TASK DIRECTIONS: Leave the pictures out. Retype exactly the lines below from the one containing "Stylised, graphic tulips" through the one containing "One sample mean", and no others.

LISTED ENTRIES:
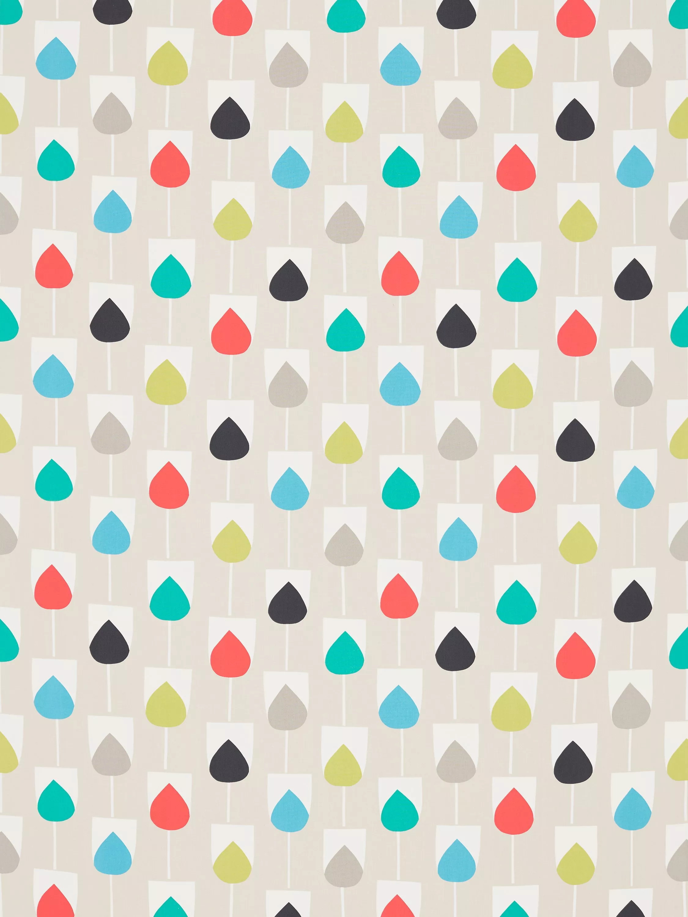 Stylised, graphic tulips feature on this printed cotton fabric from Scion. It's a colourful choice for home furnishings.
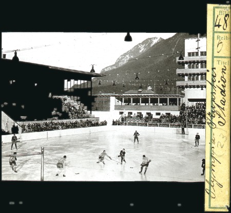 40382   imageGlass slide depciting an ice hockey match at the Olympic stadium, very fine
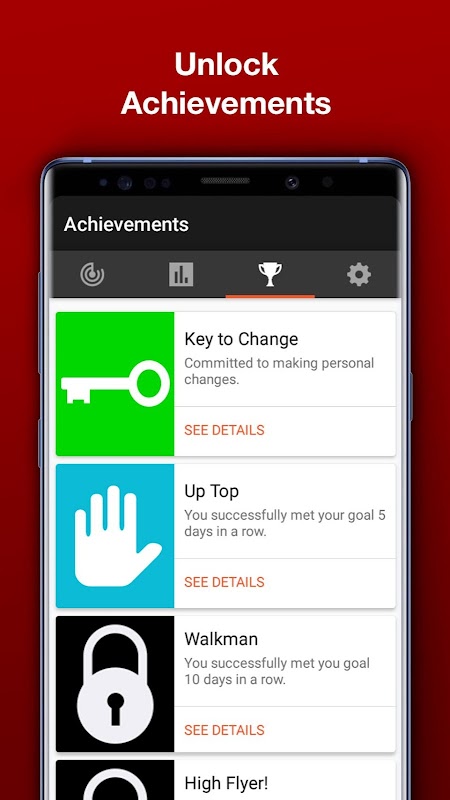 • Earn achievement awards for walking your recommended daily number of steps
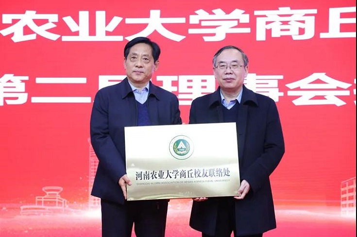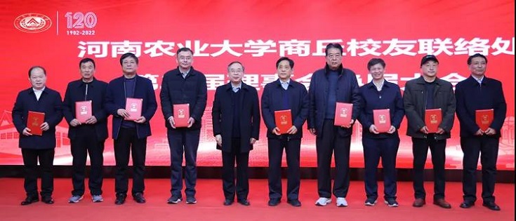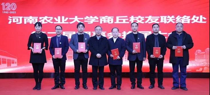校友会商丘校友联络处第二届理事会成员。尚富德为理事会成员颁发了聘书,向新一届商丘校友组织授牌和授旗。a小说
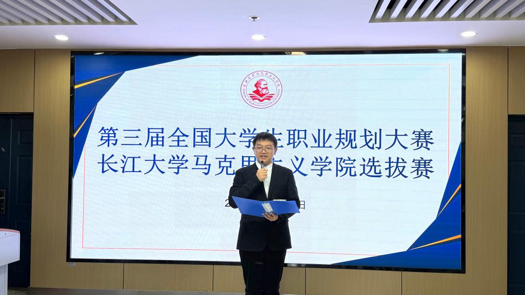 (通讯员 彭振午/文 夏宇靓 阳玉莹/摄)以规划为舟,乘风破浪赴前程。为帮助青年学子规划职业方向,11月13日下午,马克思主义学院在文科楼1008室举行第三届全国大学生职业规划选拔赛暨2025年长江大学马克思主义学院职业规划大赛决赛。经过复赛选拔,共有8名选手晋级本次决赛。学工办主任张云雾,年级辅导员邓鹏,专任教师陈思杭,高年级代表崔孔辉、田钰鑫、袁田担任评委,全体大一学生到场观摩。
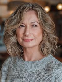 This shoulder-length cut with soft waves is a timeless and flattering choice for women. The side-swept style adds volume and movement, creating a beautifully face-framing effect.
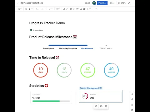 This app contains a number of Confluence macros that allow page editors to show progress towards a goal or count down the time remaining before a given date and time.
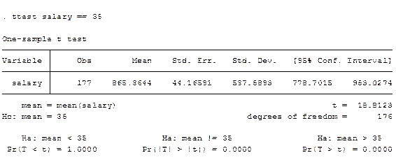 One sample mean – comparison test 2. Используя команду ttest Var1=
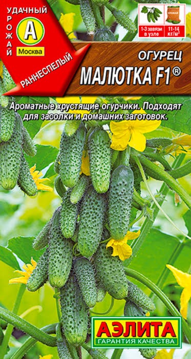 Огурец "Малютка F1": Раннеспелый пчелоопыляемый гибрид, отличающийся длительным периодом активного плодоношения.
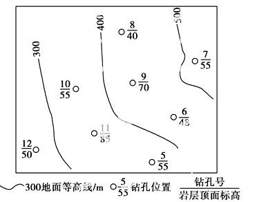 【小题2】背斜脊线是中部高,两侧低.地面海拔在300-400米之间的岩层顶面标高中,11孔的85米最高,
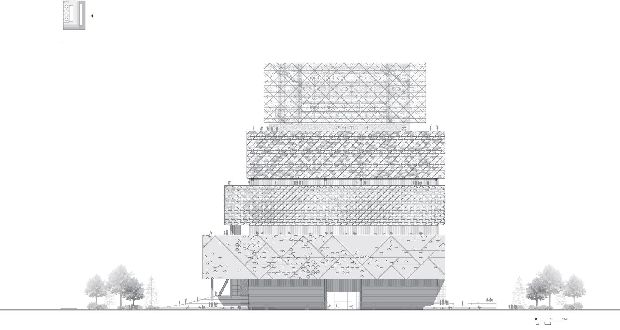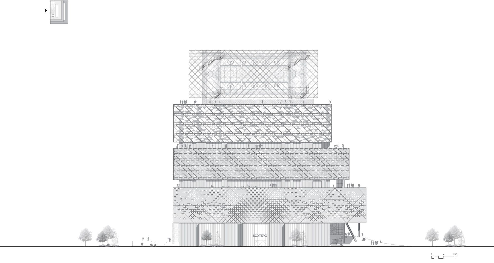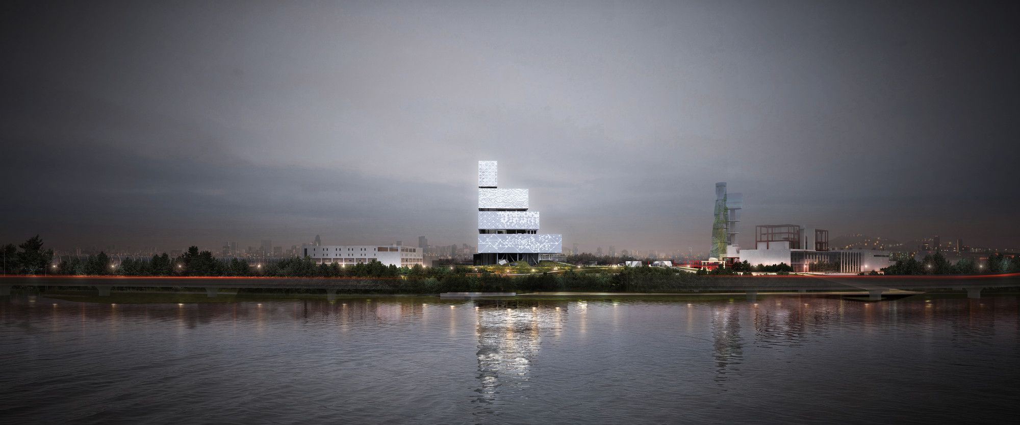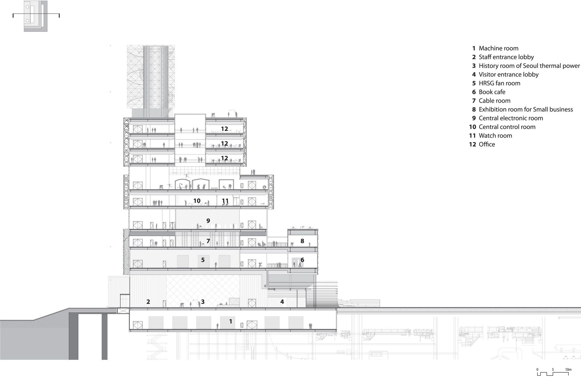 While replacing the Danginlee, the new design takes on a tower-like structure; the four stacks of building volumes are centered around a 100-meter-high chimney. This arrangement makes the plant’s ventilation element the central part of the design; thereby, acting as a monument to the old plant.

...

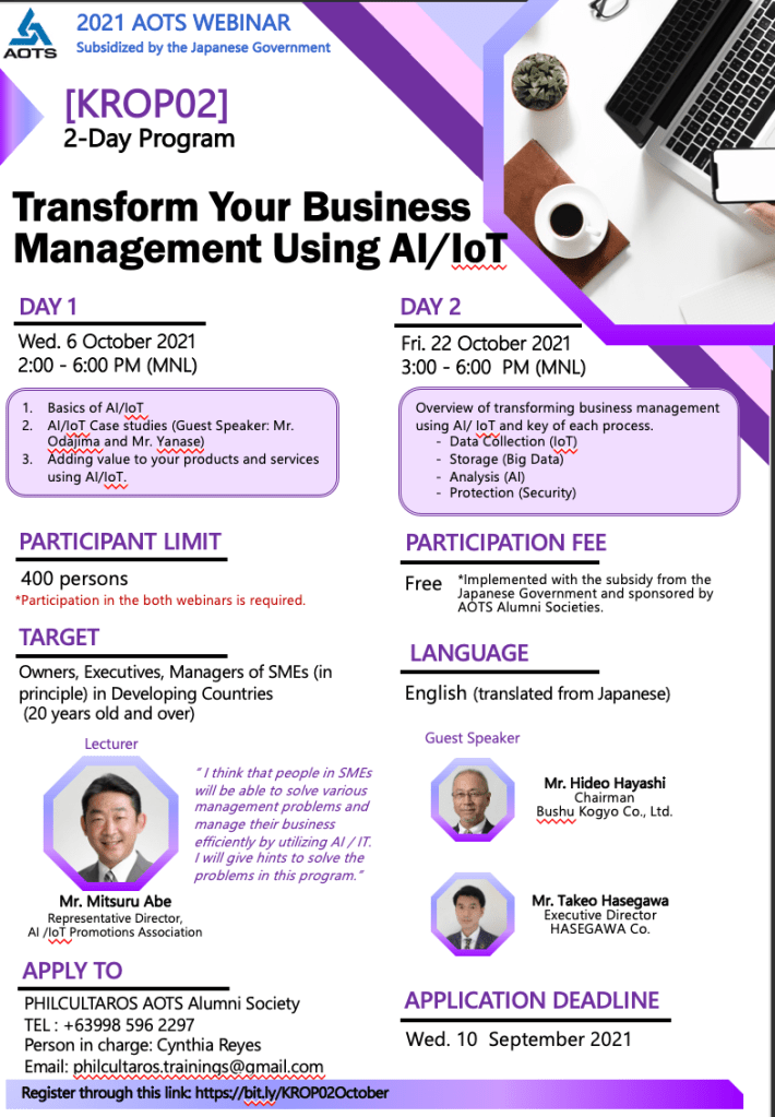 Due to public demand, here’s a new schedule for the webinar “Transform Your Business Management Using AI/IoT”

---

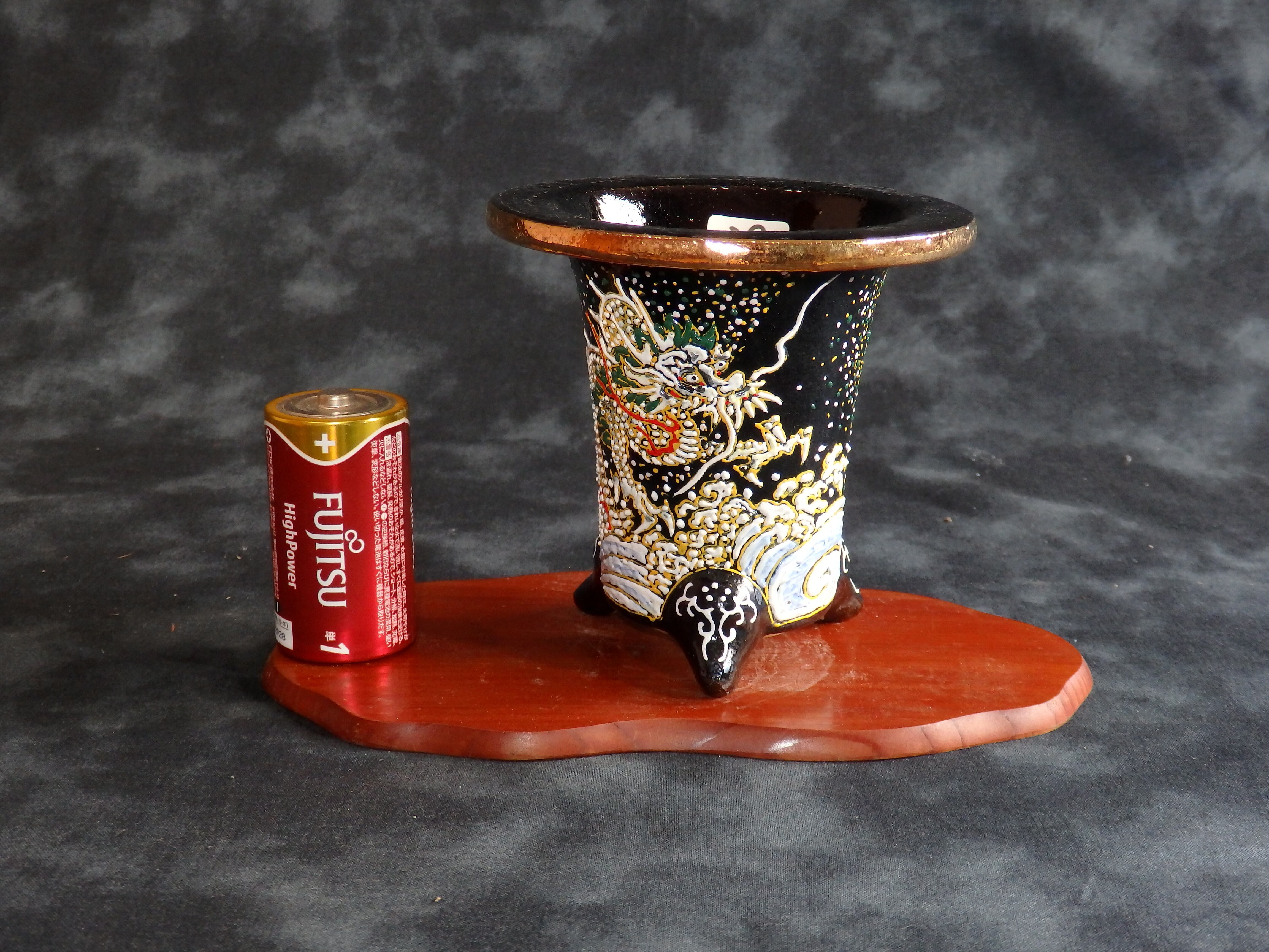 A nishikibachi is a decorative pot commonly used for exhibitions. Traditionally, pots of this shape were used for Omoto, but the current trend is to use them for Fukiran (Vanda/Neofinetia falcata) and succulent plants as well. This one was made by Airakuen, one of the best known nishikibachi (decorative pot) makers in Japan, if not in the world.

EXERCISE RESULT:
 Stylised, graphic tulips feature on this printed cotton fabric from Scion. It's a colourful choice for home furnishings.
 40382   imageGlass slide depciting an ice hockey match at the Olympic stadium, very fine
 • Earn achievement awards for walking your recommended daily number of steps
校友会商丘校友联络处第二届理事会成员。尚富德为理事会成员颁发了聘书,向新一届商丘校友组织授牌和授旗。a小说
 (通讯员 彭振午/文 夏宇靓 阳玉莹/摄)以规划为舟,乘风破浪赴前程。为帮助青年学子规划职业方向,11月13日下午,马克思主义学院在文科楼1008室举行第三届全国大学生职业规划选拔赛暨2025年长江大学马克思主义学院职业规划大赛决赛。经过复赛选拔,共有8名选手晋级本次决赛。学工办主任张云雾,年级辅导员邓鹏,专任教师陈思杭,高年级代表崔孔辉、田钰鑫、袁田担任评委,全体大一学生到场观摩。
 This shoulder-length cut with soft waves is a timeless and flattering choice for women. The side-swept style adds volume and movement, creating a beautifully face-framing effect.
 This app contains a number of Confluence macros that allow page editors to show progress towards a goal or count down the time remaining before a given date and time.
 One sample mean – comparison test 2. Используя команду ttest Var1=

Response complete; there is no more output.